DATA BLOCK:
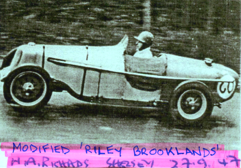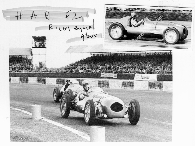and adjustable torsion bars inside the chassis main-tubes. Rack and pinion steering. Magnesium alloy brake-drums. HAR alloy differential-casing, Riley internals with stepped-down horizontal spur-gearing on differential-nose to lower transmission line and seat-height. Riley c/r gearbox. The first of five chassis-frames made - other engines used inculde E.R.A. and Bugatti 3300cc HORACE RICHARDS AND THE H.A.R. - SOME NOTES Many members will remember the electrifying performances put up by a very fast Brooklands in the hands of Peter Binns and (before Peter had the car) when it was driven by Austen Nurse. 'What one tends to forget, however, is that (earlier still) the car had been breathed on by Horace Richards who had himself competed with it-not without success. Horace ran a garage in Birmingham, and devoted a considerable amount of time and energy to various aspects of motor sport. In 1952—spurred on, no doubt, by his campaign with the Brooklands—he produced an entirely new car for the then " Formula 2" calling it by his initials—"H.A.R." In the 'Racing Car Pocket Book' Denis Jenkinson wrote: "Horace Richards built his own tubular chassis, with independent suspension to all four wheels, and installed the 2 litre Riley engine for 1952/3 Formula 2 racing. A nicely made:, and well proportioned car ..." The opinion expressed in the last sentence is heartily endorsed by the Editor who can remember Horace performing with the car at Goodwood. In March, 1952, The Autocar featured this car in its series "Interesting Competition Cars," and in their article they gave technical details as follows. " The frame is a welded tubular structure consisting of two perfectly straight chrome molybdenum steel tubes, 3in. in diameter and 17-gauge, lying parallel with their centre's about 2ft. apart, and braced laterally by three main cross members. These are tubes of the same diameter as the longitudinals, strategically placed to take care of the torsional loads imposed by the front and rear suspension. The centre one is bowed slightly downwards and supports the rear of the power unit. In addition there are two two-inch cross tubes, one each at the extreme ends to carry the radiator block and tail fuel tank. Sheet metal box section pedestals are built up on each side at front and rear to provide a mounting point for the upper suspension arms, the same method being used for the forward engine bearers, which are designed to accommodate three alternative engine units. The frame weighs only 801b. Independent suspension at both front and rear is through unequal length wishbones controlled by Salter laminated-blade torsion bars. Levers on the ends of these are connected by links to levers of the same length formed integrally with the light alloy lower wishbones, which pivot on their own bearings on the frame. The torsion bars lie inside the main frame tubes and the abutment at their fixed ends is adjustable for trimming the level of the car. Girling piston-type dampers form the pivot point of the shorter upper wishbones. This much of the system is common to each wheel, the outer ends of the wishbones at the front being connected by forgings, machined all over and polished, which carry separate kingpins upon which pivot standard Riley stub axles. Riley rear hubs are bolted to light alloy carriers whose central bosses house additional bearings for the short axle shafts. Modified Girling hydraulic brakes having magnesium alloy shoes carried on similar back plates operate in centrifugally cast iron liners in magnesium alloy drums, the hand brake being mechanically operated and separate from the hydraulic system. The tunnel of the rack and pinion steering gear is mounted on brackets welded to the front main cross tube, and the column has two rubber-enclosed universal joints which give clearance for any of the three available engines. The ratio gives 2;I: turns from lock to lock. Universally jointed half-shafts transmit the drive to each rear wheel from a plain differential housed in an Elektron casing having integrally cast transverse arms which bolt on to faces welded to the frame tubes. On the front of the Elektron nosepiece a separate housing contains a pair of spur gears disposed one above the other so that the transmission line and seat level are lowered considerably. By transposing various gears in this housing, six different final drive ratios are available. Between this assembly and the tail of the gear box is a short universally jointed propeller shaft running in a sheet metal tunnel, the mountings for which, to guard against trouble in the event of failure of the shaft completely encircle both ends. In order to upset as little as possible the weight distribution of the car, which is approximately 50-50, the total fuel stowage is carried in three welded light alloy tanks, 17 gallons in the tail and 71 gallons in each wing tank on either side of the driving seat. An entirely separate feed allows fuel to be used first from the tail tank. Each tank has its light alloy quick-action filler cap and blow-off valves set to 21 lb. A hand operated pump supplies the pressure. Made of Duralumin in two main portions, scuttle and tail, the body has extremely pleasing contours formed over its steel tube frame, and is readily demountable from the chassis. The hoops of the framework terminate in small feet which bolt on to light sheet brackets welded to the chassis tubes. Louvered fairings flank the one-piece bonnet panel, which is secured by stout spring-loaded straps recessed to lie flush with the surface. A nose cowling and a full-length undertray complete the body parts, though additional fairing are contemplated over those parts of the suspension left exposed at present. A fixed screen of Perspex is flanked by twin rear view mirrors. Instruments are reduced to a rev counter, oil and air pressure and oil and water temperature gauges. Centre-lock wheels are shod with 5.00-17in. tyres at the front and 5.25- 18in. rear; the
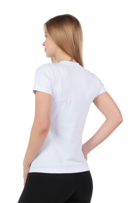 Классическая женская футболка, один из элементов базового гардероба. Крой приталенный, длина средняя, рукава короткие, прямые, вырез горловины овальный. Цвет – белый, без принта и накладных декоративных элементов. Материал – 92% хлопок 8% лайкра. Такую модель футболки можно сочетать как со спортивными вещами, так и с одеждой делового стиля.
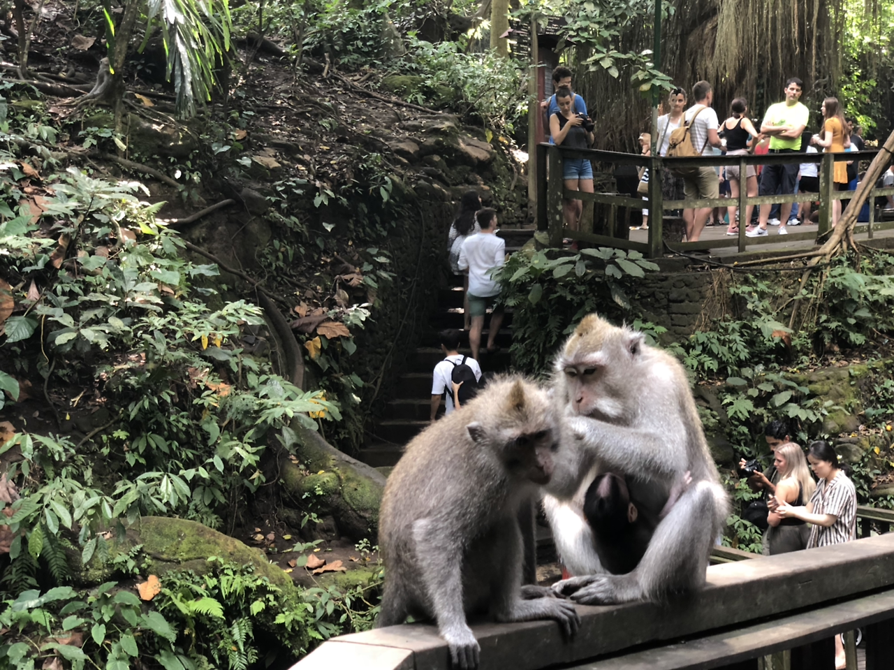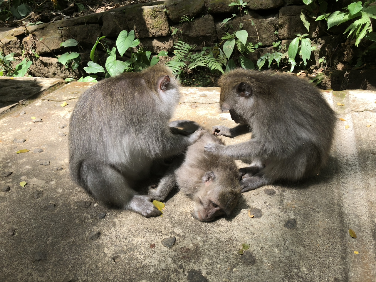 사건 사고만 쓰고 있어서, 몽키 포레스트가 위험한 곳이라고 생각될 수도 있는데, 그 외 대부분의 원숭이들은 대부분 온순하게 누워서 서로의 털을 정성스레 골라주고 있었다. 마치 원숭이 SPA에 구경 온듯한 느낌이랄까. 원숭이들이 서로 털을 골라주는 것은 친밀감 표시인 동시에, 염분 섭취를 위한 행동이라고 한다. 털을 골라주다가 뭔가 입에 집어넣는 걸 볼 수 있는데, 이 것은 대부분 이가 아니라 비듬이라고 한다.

YOUR OBJECTIVE:
Pictures stay out; retype only the lines from the line containing "Классическая женская футболка, один" through the end of the listing, inclusive, exactly as they appear.

TASK SOLUTION:
 Классическая женская футболка, один из элементов базового гардероба. Крой приталенный, длина средняя, рукава короткие, прямые, вырез горловины овальный. Цвет – белый, без принта и накладных декоративных элементов. Материал – 92% хлопок 8% лайкра. Такую модель футболки можно сочетать как со спортивными вещами, так и с одеждой делового стиля.
 사건 사고만 쓰고 있어서, 몽키 포레스트가 위험한 곳이라고 생각될 수도 있는데, 그 외 대부분의 원숭이들은 대부분 온순하게 누워서 서로의 털을 정성스레 골라주고 있었다. 마치 원숭이 SPA에 구경 온듯한 느낌이랄까. 원숭이들이 서로 털을 골라주는 것은 친밀감 표시인 동시에, 염분 섭취를 위한 행동이라고 한다. 털을 골라주다가 뭔가 입에 집어넣는 걸 볼 수 있는데, 이 것은 대부분 이가 아니라 비듬이라고 한다.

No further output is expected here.